[英]how to get first value and last value from dataframe column in pyspark?
I Have Dataframe,I want get first value and last value from DataFrame column.我有数据帧,我想从数据帧列中获取第一个值和最后一个值。
+----+-----+--------------------+
|test|count| support|
+----+-----+--------------------+
| A| 5| 0.23809523809523808|
| B| 5| 0.23809523809523808|
| C| 4| 0.19047619047619047|
| G| 2| 0.09523809523809523|
| K| 2| 0.09523809523809523|
| D| 1|0.047619047619047616|
+----+-----+--------------------+
expecting output is from support column first,last value ie x=[0.23809523809523808,0.047619047619047616.]
期望输出首先来自支持列,最后一个值即
x=[0.23809523809523808,0.047619047619047616.]
You may use collect
but the performance is going to be terrible since the driver will collect all the data, just to keep the first and last items.您可以使用
collect
但性能会很糟糕,因为驱动程序将收集所有数据,只是为了保留第一个和最后一个项目。 Worse than that, it will most likely cause an OOM error and thus not work at all if you have a big dataframe.更糟糕的是,如果你有一个大数据帧,它很可能会导致 OOM 错误,因此根本不起作用。
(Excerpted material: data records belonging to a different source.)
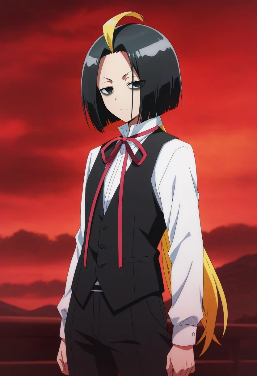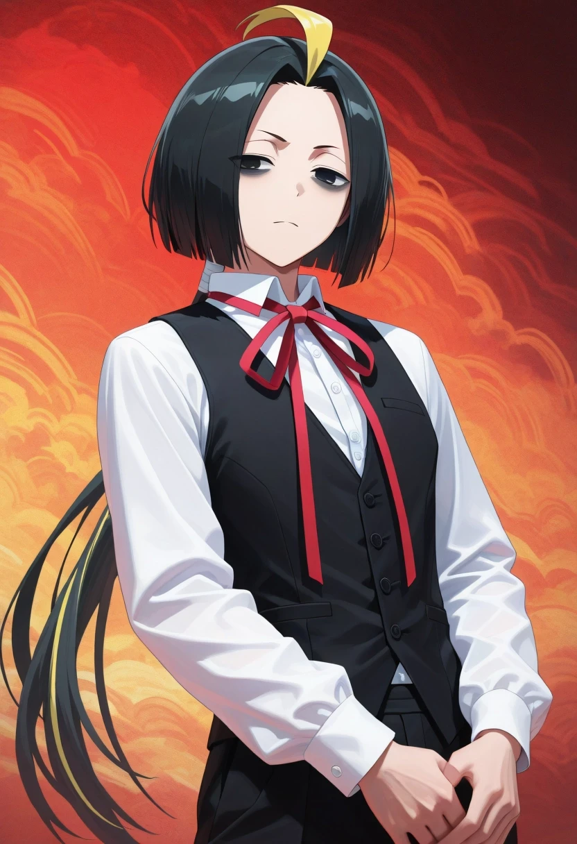 white shirt, collared shirt, long sleeves, black vest, red ribbon, red bowtie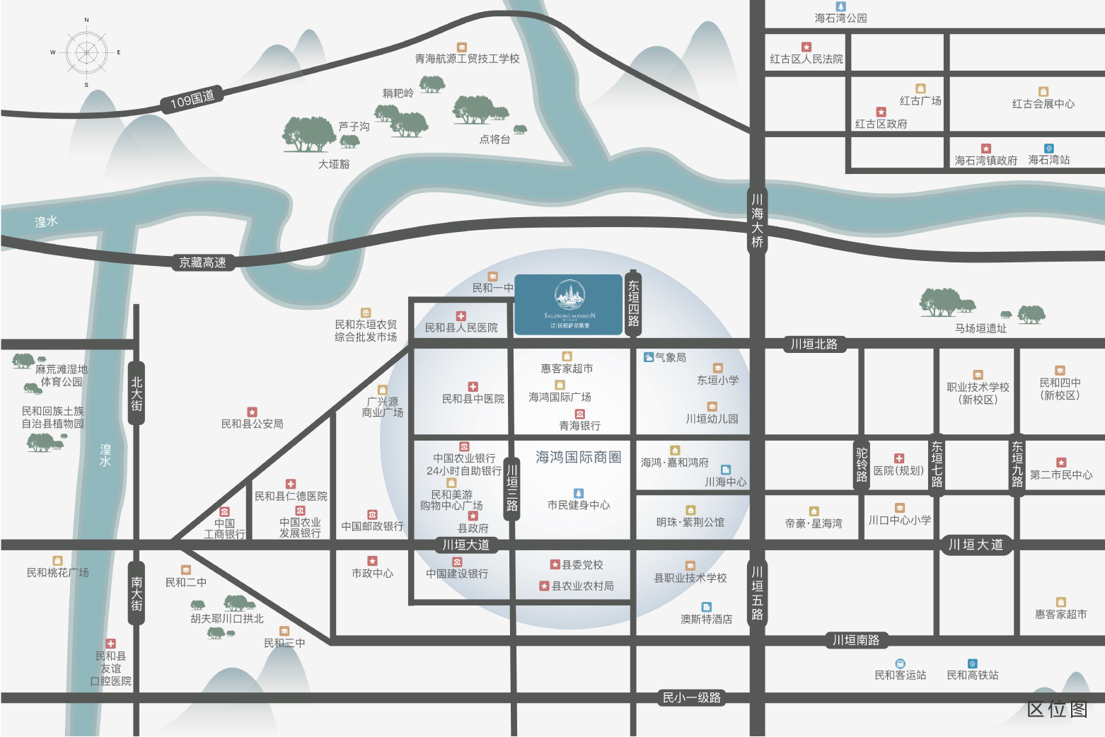 项目坐享全维醇熟配套。紧邻川垣北路、东垣四路等交通主干道,约2公里衔接京藏高速、109国道,立体交通四通八达;南侧紧邻人民公园,自然环境优渥;对街即达民和一中,约500米东垣小学,约2公里内民和二中、民和三中、职业技术学院;距民和县人民医院、民和县中医院仅约500米,护航居者健康;下楼可享项目自带约5000㎡的缤纷底商,海鸿国际广场、广兴源商业广场等提供更多元生活方式体验。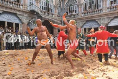 Photo Caption : “Vajramushti Kalaga†(wrestlers) participants in action as part of the Vijayadashami celebrations at Mysuru Palace, in Mysuru on Tuesday 8th October 2019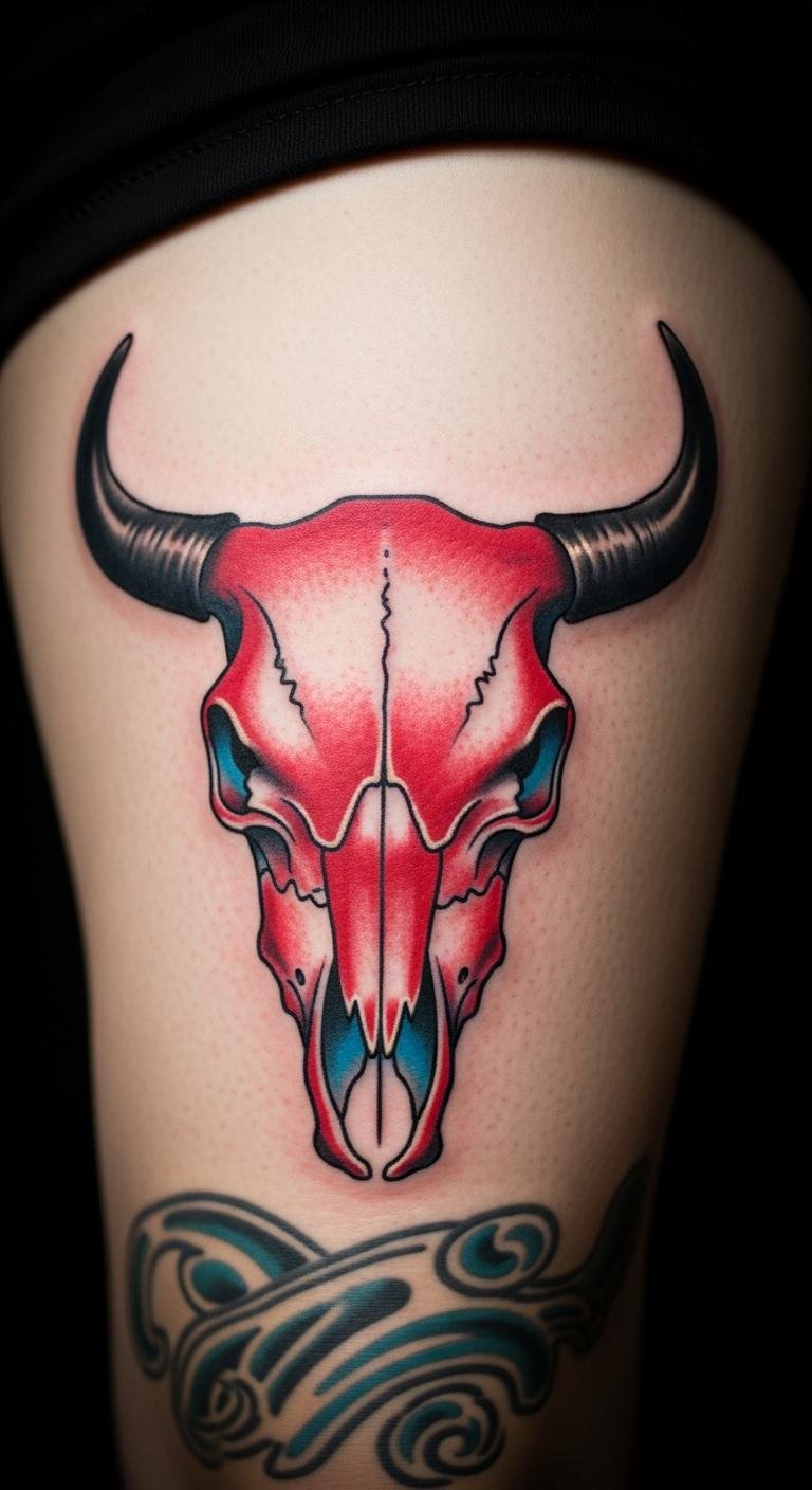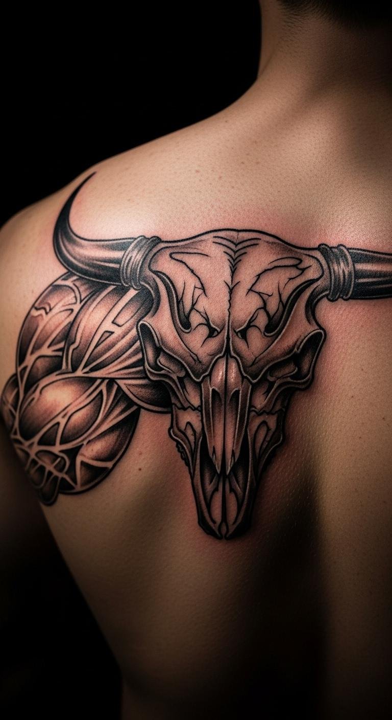 Pair a bull skull with flowers for a softer vibe. Sketch roses around the skull using free apps on your phone. This mix brings balance, turning strength into beauty. Draw it on paper first with markers you already own. Choose spots like your wrist for quick sessions. Find an affordable artist via social platforms. Use basic colors to cut expenses. Add petals step by step in your design. Practice with henna kits from the drugstore for a trial run. Keep it simple to fit your budget. This approach makes the tattoo feel personal and fresh. Get feedback from friends before going pro. You gain a piece that tells your unique tale.

Another idea would be to use agg
with the first
and last
aggregation function.另一个想法是将
agg
与第first
和last
聚合函数一起使用。 This does not work!这不起作用! (because the reducers do not necessarily get the records in the order of the dataframe)
(因为reducers不一定按照dataframe的顺序获取记录)
Spark offers a head
function, which makes getting the first element very easy. Spark 提供了一个
head
函数,这使得获取第一个元素非常容易。 However, spark does not offer any last
function.但是,spark 不提供任何
last
功能。 A straightforward approach would be to sort the dataframe backward and use the head
function again.一种直接的方法是将数据帧向后排序并再次使用
head
函数。
first=df.head().support
import pyspark.sql.functions as F
last=df.orderBy(F.monotonically_increasing_id().desc()).head().support
Finally, since it is a shame to sort a dataframe simply to get its first and last elements, we can use the RDD API and zipWithIndex
to index the dataframe and only keep the first and the last elements.最后,由于仅仅为了获取第一个和最后一个元素而对数据帧进行排序是一种耻辱,我们可以使用 RDD API 和
zipWithIndex
来索引数据帧,并且只保留第一个和最后一个元素。
size = df.count()
df.rdd.zipWithIndex()\
.filter(lambda x : x[1] == 0 or x[1] == size-1)\
.map(lambda x : x[0].support)\
.collect()
You can try indexing the data frame see below example:您可以尝试索引数据框,请参见以下示例:
df = <your dataframe>
first_record = df.collect()[0]
last_record = df.collect()[-1]
EDIT: You have to pass the column name as well.编辑:您还必须传递列名。
df = <your dataframe>
first_record = df.collect()[0]['column_name']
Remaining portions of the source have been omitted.